DreamWorks Animation is counting on its famous green ogre to pull investors out of the red. People who bought shares of the company following its ballyhooed initial public offering 18 months ago are still waiting for the stock to surpass the price it hit after its IPO. With "Shrek the Third" coming out on May 18, their dreams may finally come true
Dreamworks Animation
/ Source: San Francisco Business Times

DreamWorks Animation is counting on its famous green ogre to pull investors out of the red.

People who bought shares of the company following its ballyhooed initial public offering 18 months ago are still waiting for the stock to surpass the price it hit after its IPO.

With Shrek 3 coming out on May 18, their dreams may finally come true. Though the timing of the release has some worried, so far the buzz has been good.

"The formula that made the first two Shreks so successful appears to still be intact," wrote Banc of America Securities analyst Michael Savner after previewing film clips in early March, noting the movie's "irreverent humor" and the addition of voices from "Saturday Night Live" stars and Justin Timberlake.

The Shrek franchise has been far and away DreamWorks Animation's biggest success. "Shrek 2" is the third-highest grossing film in history with $441 million in U.S. sales. The original Shrek has sold $276 million at the domestic box office. Savner anticipates Shrek 3 will bring in $300 million.

Officially titled "Shrek the Third," the movie will hit theaters shortly after "Spider-Man 3" and just before "Pirates of the Caribbean 3."
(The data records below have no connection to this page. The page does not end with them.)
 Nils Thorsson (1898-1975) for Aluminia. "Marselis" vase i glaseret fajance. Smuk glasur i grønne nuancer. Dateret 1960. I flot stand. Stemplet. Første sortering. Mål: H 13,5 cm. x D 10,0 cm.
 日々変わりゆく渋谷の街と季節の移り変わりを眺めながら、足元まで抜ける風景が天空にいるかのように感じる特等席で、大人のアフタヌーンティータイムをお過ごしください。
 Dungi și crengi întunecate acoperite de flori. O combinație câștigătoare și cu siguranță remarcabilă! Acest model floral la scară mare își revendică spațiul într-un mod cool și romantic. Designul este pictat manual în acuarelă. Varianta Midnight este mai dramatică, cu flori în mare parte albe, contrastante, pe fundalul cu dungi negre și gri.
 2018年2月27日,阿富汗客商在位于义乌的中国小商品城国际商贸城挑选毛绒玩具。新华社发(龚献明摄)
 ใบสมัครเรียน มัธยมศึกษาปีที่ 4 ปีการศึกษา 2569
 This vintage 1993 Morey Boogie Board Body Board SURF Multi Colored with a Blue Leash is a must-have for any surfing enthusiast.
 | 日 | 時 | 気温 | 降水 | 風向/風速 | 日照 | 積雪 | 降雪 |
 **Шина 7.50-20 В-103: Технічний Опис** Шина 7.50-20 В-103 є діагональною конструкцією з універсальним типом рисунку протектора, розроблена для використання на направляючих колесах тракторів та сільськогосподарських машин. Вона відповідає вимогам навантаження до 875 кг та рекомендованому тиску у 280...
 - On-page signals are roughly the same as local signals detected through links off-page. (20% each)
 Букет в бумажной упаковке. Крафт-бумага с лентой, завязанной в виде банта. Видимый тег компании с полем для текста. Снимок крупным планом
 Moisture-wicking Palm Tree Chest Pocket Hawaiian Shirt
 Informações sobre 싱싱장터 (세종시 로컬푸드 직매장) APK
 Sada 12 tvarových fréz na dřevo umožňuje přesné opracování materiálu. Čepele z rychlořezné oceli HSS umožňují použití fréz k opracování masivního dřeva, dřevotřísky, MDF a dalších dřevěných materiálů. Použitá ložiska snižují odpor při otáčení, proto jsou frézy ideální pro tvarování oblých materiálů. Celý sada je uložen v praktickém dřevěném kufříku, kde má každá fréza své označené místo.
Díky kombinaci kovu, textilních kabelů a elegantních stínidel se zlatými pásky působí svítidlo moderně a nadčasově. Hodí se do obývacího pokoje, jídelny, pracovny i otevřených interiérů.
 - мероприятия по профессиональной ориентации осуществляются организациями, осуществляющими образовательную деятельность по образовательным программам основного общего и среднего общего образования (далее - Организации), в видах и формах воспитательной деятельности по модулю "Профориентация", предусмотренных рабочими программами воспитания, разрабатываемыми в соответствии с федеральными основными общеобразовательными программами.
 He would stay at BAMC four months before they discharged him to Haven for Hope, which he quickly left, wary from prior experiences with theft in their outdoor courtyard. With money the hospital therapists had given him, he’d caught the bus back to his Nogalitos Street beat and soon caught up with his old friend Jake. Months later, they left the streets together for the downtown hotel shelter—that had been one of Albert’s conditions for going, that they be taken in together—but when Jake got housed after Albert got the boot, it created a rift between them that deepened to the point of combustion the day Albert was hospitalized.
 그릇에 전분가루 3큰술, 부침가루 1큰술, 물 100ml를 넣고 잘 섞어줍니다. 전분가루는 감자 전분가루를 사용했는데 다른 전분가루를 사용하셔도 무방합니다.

"We're an Oreo cookie between those guys, but we're great family fare. The others tend toward an older audience," said Shrek co-producer Denise Cascino, who works in Redwood City, where DreamWorks has 350 digital artists. The Glendale company employs 1,300, but its Redwood City crew did nearly all of the production work on Shrek 3.

Savner, who rates the stock a "buy," agreed that "'Shrek the Third' looks to be in very good shape, crowded release environment or not." He noted that the movie will get a major marketing push through partners that include Nickelodeon and McDonald's. "The new McDonald's partnership alone ... likely totals all previous media buying for Shrek 2."

DreamWorks Animation's early stock performance was sprinkled with stardust by its owners, movie legend Steven Spielberg, music mogul David Geffen and animation honcho Jeffrey Katzenberg and set for take-off after the success of "Shrek 2," which debuted in May 2004.

The IPO priced at $28 a share in October 2004, with shares rocketing 38 percent to $38.56 on their first day of trading and remaining above $35 for more than six months. Today, the stock is trading around $30 a share after steep drops in the second half of 2005 and in 2006, when investors worried the market for DVDs was drying up.

Combined with the disappointing performance of its rat-centered film, "Flushed Away," the hand-wringing brought DreamWorks shares down near the $20 level in August. Other issues have concerned investors, such as last month's departure of Chief Financial Officer Kristina Leslie and the approaching exit of Chief Accounting Officer William Losch, who will step down in May.

And underlying much of the stock price's wobbly performance is that DreamWorks has always operated in the shadow of Pixar's unbroken string of five box office smashes. And aside from "Toy Story," Emeryville-based Pixar, now part of Disney, has not relied on sequels for its hits.

(Said Pixar director Brad Bird at a recent conference previewing Pixar's "Ratatouille," due out in June, "I feel a little bit out of place here," he said. "So I thought of selling it as 'Ratatouille I' ... the prequel to the sequel.")

But DreamWorks' stock is now on a climb, after the company's stronger-than-expected fourth-quarter performance, buoyed by strong DVD sales of the film "Over the Hedge." Early praise for Shrek 3 has it continuing.

Beyond Shrek, DreamWorks is hoping Jerry Seinfeld's upcoming "Bee Movie," due out in November, will rock the box office and that "Kung Fu Panda," starring Jack Black and due out in June 2008, may replace Shrek as its hit-making franchise.